Data supplied:
_ _ _ _
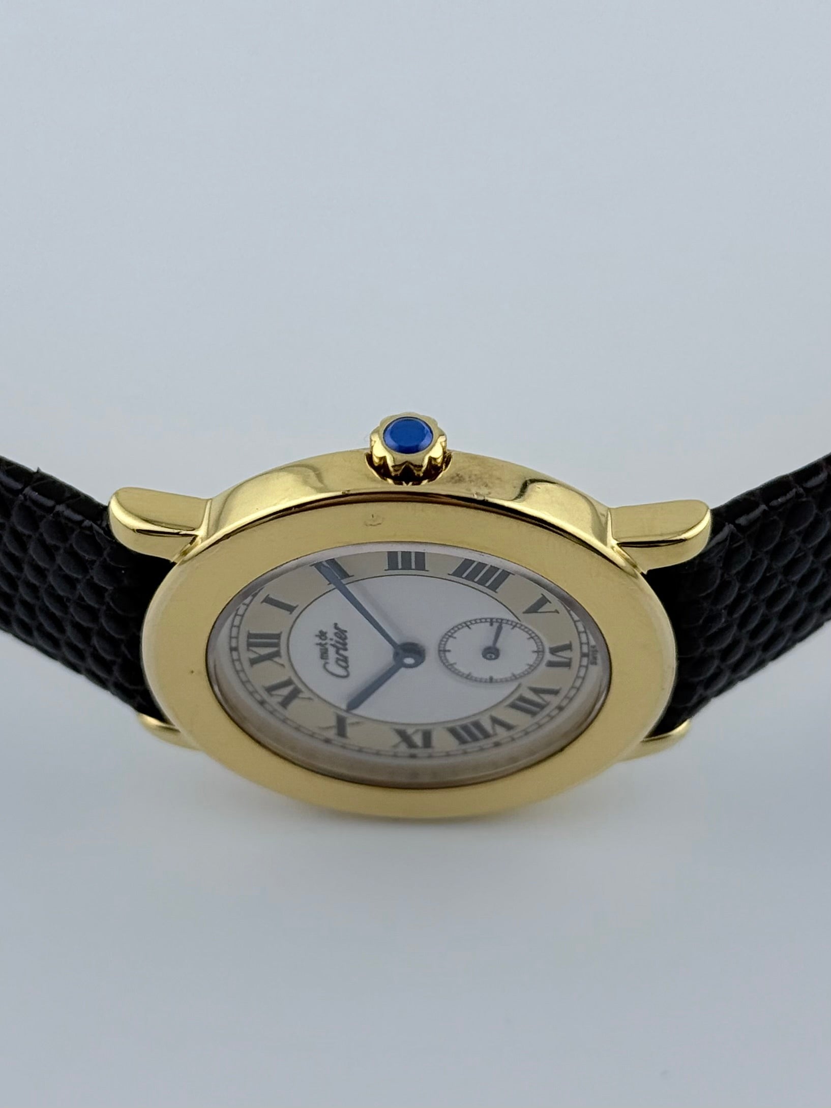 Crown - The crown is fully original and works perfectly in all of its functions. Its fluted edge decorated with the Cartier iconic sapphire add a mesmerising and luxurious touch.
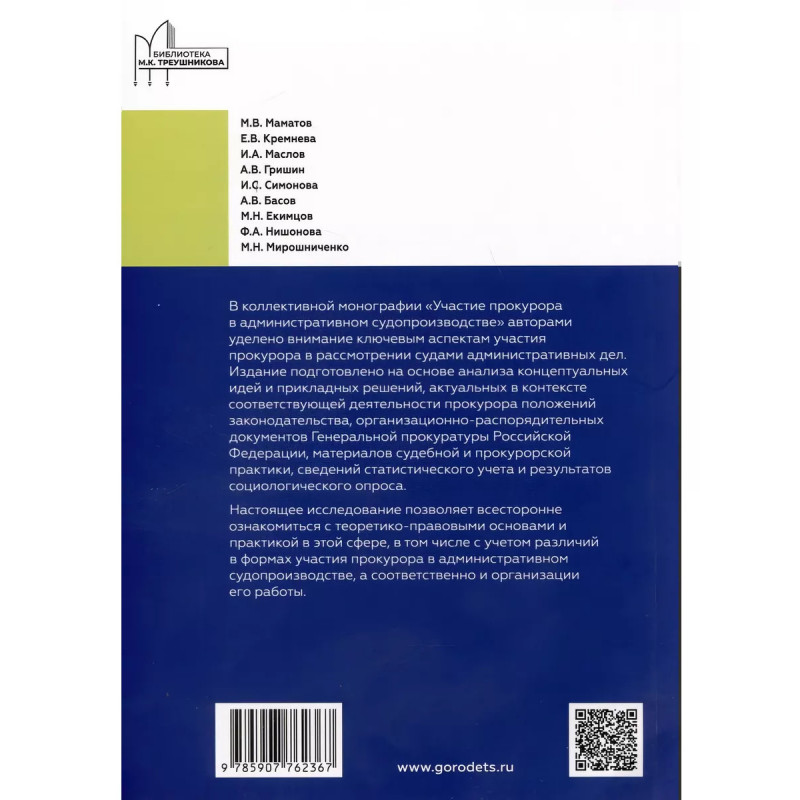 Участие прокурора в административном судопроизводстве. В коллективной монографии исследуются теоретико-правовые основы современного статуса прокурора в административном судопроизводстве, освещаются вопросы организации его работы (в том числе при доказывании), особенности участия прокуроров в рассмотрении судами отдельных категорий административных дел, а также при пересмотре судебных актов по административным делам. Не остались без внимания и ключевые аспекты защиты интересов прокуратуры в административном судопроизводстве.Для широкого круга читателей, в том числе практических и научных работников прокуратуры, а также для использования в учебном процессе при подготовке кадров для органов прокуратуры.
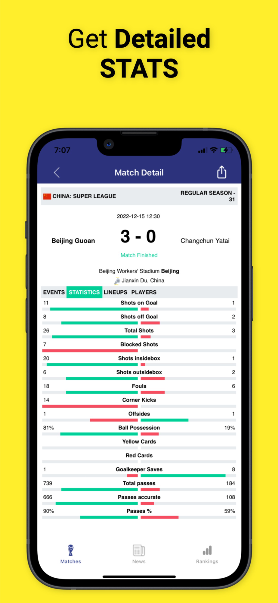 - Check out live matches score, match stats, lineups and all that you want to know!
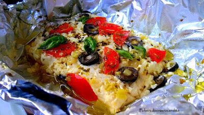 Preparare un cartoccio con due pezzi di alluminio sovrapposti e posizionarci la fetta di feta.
_ _ _ _
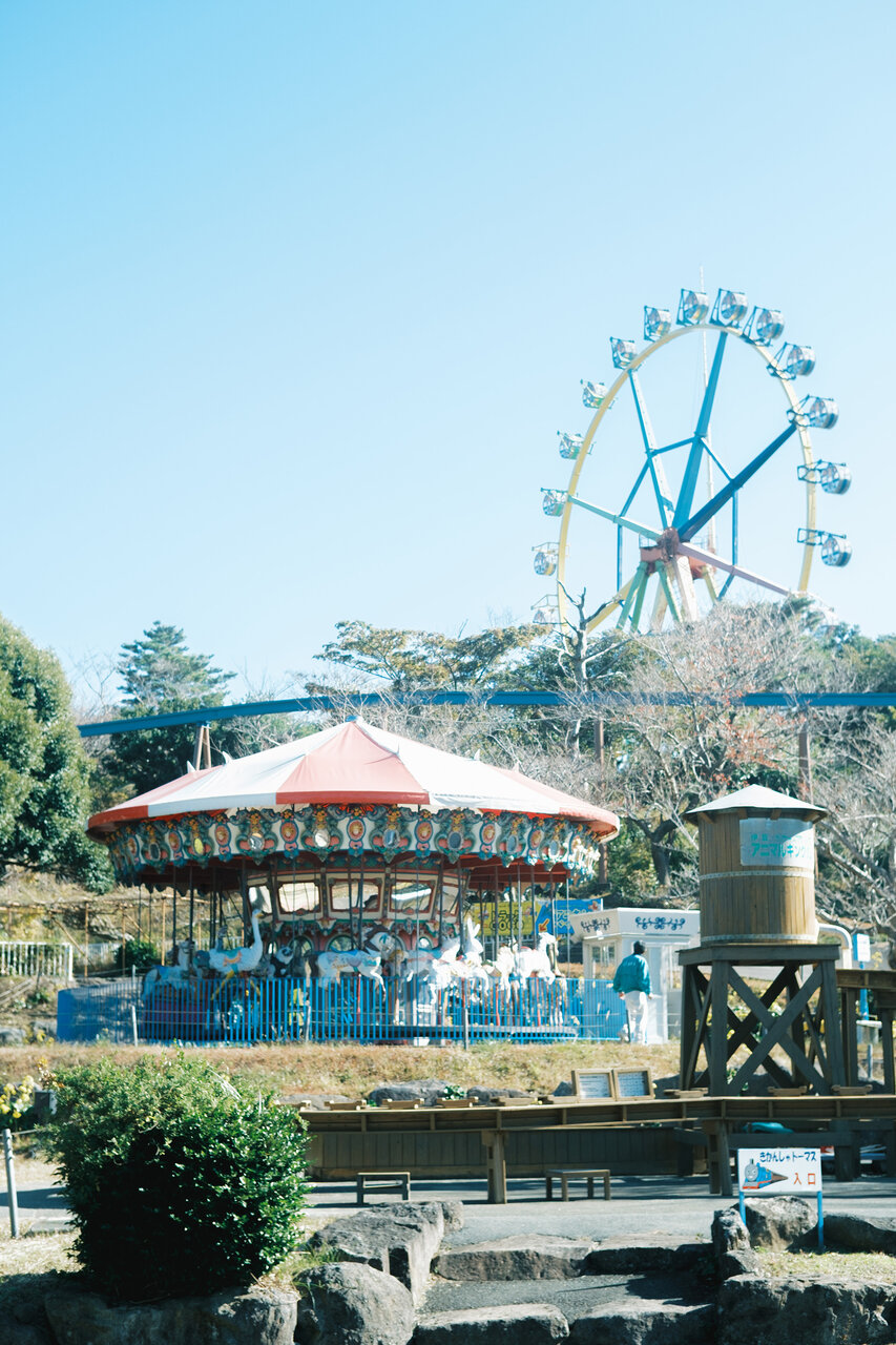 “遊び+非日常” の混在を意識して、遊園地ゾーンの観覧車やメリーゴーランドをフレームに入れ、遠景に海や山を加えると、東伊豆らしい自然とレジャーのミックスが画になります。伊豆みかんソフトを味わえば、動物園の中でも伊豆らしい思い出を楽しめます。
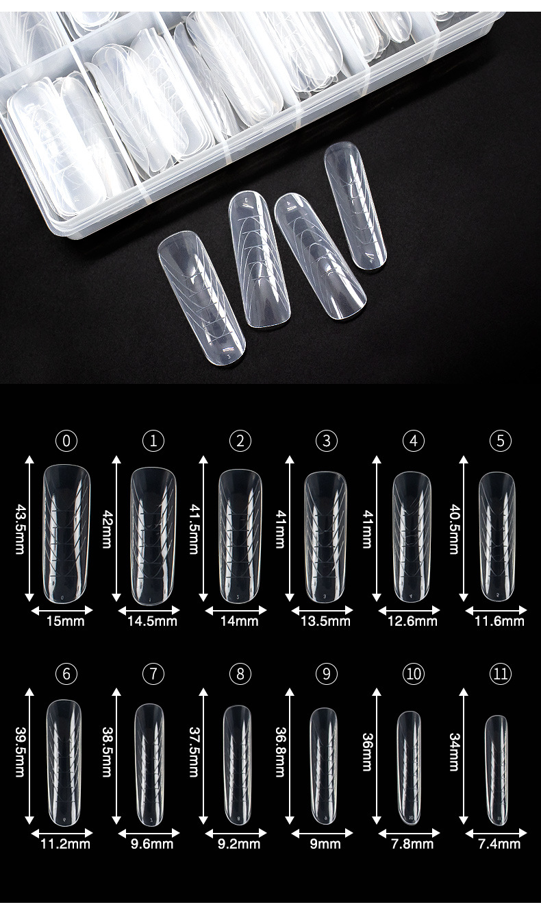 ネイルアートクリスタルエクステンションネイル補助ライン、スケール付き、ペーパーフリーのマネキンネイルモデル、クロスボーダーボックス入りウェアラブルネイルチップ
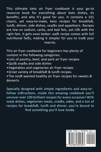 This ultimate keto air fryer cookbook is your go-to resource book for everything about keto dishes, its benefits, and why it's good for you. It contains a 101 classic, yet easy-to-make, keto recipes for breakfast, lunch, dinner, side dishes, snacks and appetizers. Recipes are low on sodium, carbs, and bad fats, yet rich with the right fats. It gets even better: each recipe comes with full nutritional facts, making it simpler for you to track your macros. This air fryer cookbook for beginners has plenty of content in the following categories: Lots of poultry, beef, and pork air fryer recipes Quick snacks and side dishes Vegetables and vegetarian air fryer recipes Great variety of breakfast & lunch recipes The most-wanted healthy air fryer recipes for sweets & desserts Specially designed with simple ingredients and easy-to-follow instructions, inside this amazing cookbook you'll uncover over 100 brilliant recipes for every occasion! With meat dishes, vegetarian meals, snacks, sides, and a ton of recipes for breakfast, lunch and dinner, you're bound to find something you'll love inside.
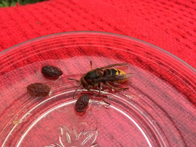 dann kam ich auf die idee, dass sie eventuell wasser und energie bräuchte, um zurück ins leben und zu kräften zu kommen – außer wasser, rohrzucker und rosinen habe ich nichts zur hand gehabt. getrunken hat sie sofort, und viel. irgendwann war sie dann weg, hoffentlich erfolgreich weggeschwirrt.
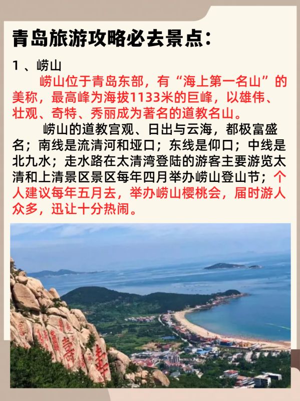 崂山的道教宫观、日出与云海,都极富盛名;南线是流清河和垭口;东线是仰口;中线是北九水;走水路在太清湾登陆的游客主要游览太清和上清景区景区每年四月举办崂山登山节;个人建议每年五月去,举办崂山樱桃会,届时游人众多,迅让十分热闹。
_ _ _ _
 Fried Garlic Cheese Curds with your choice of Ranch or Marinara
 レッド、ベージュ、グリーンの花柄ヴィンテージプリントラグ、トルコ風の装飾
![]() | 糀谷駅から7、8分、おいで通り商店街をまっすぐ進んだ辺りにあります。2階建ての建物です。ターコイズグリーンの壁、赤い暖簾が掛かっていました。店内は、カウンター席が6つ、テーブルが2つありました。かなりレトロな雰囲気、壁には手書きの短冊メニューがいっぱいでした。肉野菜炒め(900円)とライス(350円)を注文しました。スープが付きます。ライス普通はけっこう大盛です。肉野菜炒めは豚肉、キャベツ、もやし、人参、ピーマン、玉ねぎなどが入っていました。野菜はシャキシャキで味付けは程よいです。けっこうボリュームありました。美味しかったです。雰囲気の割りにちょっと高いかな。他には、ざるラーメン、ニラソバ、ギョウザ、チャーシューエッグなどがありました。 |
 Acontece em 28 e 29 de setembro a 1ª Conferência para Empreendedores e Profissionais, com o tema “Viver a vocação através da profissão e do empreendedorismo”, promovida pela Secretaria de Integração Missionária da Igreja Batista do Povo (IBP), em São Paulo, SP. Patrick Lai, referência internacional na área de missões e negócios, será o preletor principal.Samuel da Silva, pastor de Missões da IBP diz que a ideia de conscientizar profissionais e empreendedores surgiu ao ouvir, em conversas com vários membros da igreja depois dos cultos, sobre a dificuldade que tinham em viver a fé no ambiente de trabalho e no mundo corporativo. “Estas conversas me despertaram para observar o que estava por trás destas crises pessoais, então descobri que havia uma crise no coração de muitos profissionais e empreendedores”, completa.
_ _ _ _
Brief: In the data above, retype only the stretch from the line with "- Check out" through the line with "Preparare un cartoccio", word for word, and skip any pictures.

Answer for the task:
 - Check out live matches score, match stats, lineups and all that you want to know!
 Preparare un cartoccio con due pezzi di alluminio sovrapposti e posizionarci la fetta di feta.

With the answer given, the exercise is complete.